延長試験での内訳は以下のとおり:empagliflozin 10mg群(106例),empagliflozin 25mg群(109例),metformin単独群(56例),metformin+empagliflozin 10mg群(166例),metformin+empagliflozin 25mg群(166例),metformin+sitagliptin追加群(56例)。
●結果 HbA1c値のベースラインから90日後の変化は,empagliflozin投与群では-0.34 to -0.63%(-3.7 to -6.9mmol/mol),metformin群では-0.56%(-6.1mmol/mol),sitagliptin群では-0.40%(-4.4mmol/mol)であった。体重のベースラインから90日後の変化は,empagliflozin群で-2.2 to -4.0kg,metformin群で-1.3kg,sitagliptin群では-0.4kgであった。

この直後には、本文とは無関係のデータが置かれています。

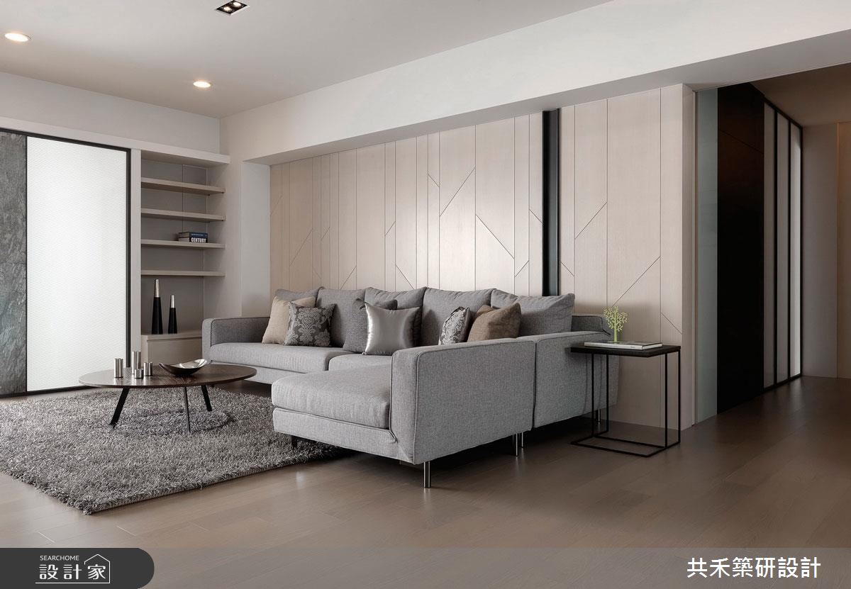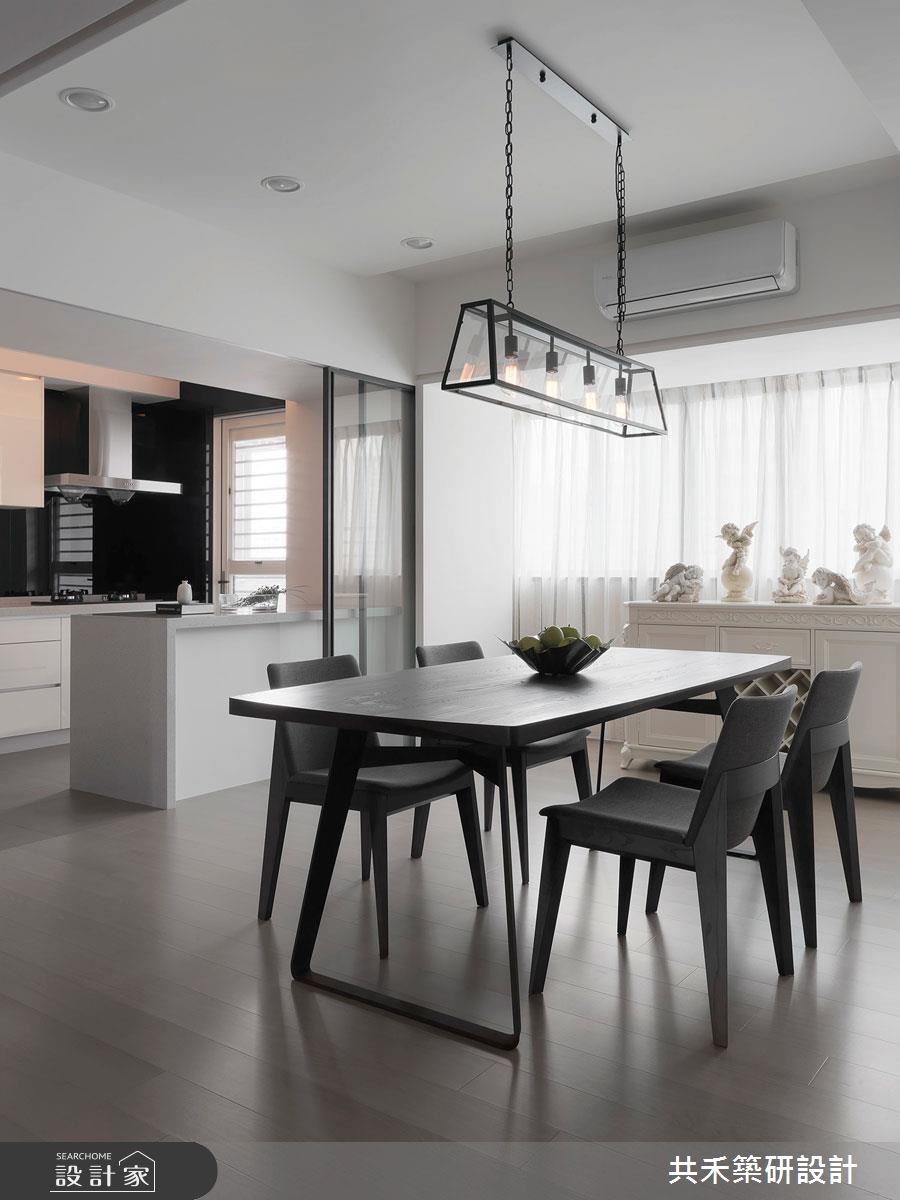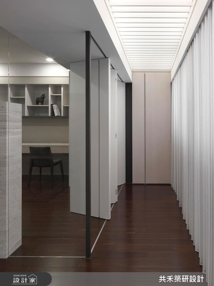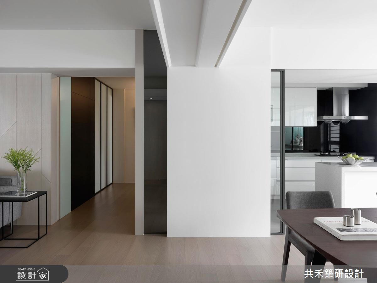 廳區選用木皮、石材作為主建材,酌量妝點鐵件強化立體視感,搭配著極簡的色彩計畫、深具層次的量體線條,型構溫暖優雅的場景,並以半高電視牆作為客廳、書房之間的分野,再適時架高地坪,型構回字型順暢動線;書房內則給予展示書櫃配置,挹注實用的生活機能,並於書房、廊道之間規劃活動摺門,替空間開啟更多彈性變化的可能;餐廚區,則陳列深色實木餐桌塑造沉穩質韻,讓用餐區與廚房之間保有開放型態,結合鐵件玻璃拉門設計,使空間可在杜絕油煙散逸的同時,也無礙光線、視線的交流!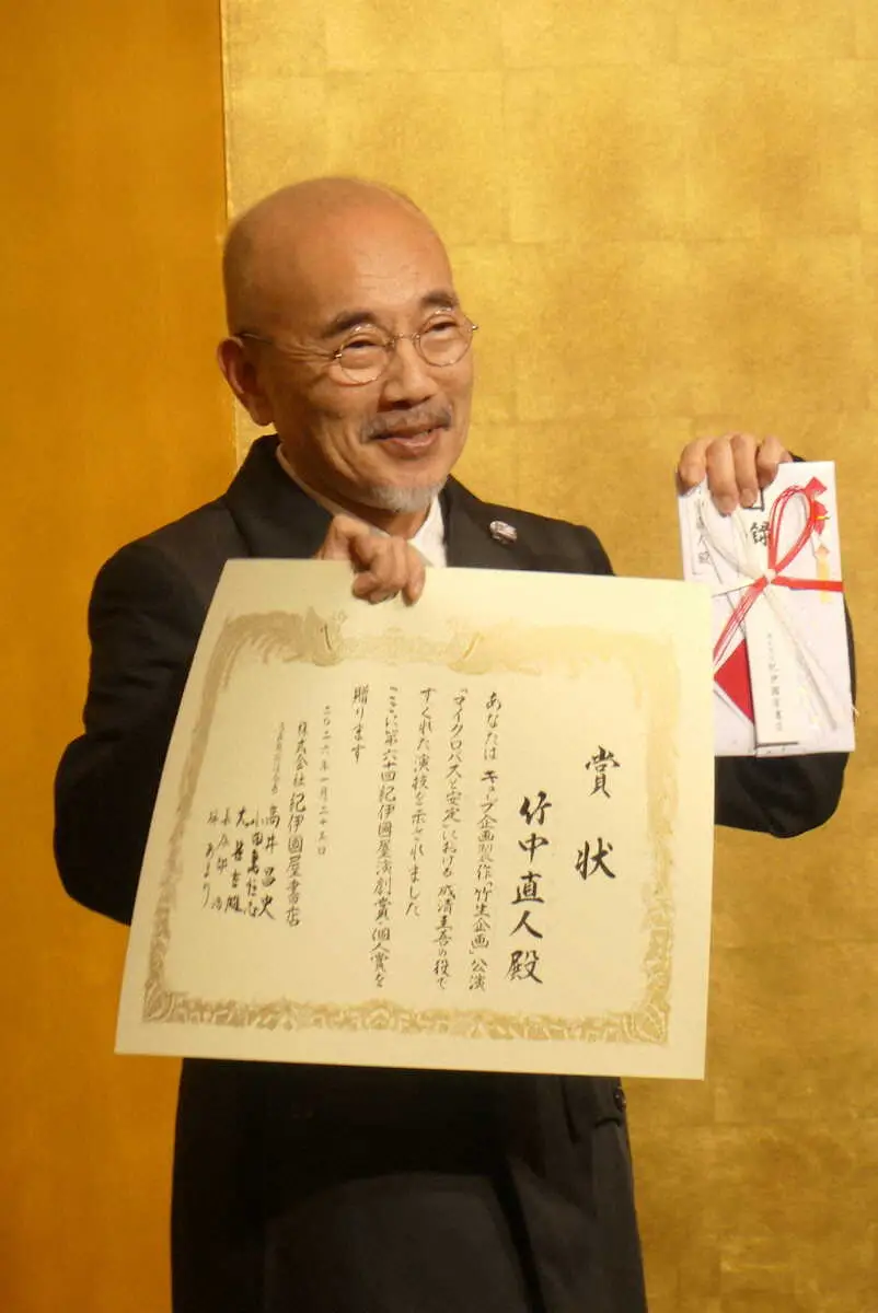 俳優の竹中直人(69)が「第60回紀伊国屋演劇賞」の個人賞を受賞し23日、都内で授賞式に出席した。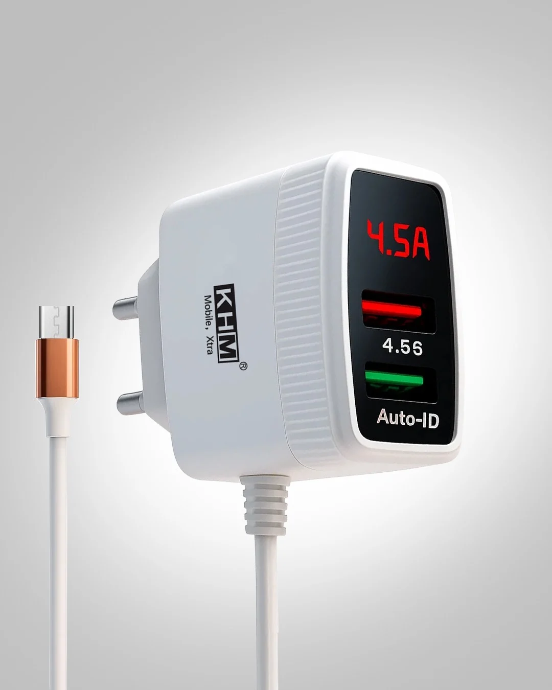 The KHM Charger M-99 offers Super Fast Charging capability and is equipped with a functional LCD Display Charger for real-time monitoring of voltage and charging status. It features dual charging with 2 USB Sockets and supports a powerful 4.5V output for efficient power delivery. Safety is prioritized through Over Charge Protection and Auto ID Cut Off Safety, intelligently preserving the battery life of your connected devices.

有害事象の発生は,empagliflozin群で63.2~74.1%,metformin単独群またはmetformin+sitagliptin追加群ではともに69.6%であり,ほとんどが軽度~中等度の事象であった。低血糖イベントの発生は全群でまれであり,ケアが必要なものはなかった。重篤な有害事象はempagliflozin群で2.4~6.6%,metformin単独群で7.1%,metformin+sitagliptin追加投与群で8.9%であった。
性器感染はempagliflozin群で3.0~5.5%,metformin単独群で1.8%,metformin+sitagliptin追加群ではみられなかった。尿路感染症は,それぞれ3.8~12.7%,3.6%,12.5%であった。
●結論 2型糖尿病患者において,長期のempagliflozin治療は血糖値および体重コントロールを維持し,忍容性は良好で,低血糖リスクも低かった。